We only need the derivative with respect to the initial conditions delta^{IC} because the HMC is only used to sample the density field. We use a slice sampler for the cosmological parameters, which doesn't involve derivatives.

EiffL commented 2 years ago

Ah! Interesting! I hadn't realized that, sorry. Very interesting :-)

Supranta commented 2 years ago

I have a PCE emulator as well as a GP emulator for power spectrum. I am currently adapting my GP emulator to work with tinygp, which is based on jax. So I can add it here.
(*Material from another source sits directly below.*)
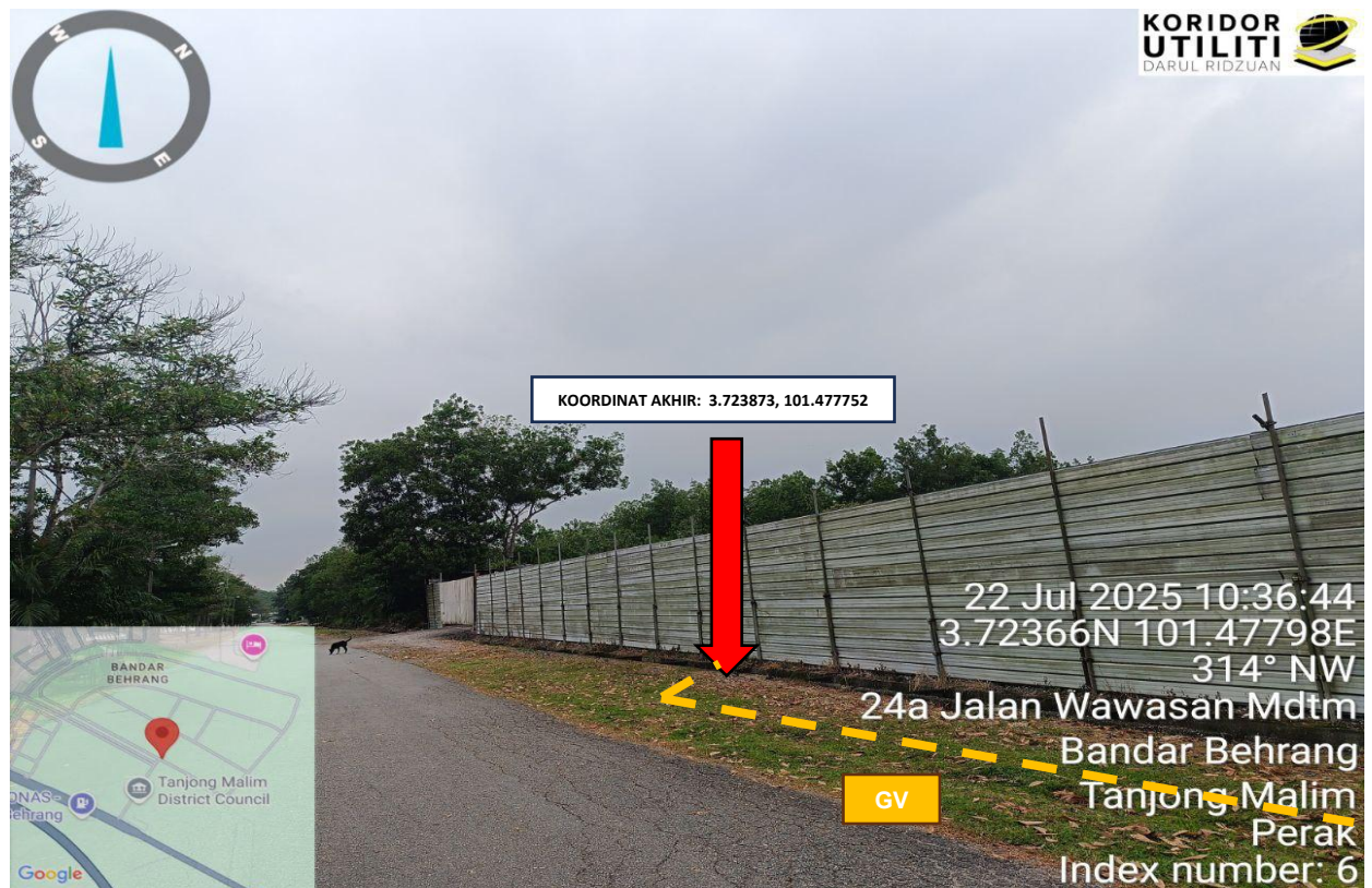
Rajah 6: Jalan Wawasan Industri 5

jecampagne commented 2 years ago

I have setup this Jax-CLASS emulator based on the original work by the authors of https://arxiv.org/pdf/2105.02256.pdf

EiffL commented 2 years ago

This is great @jecampagne :-D Only thing is your repo is private, people will probably not be able to see the content, would you be ok with making it public?

jecampagne commented 2 years ago

Proposal fro new set of cosmologies: I propose the following primary parameters (1000 latin HC points) ranges ‘Omega_cdm’: [0.1, 0.5] ‘Omega_b’: [0.04, 0.06] ‘sigma8’: [0.7, 0.9] ‘n_s’: [0.87, 1.06] ‘h’: [0.55, 0.8] below are the distributions of these variables (first line), with derived parameters (second line). The red vertical line is the fiducial values.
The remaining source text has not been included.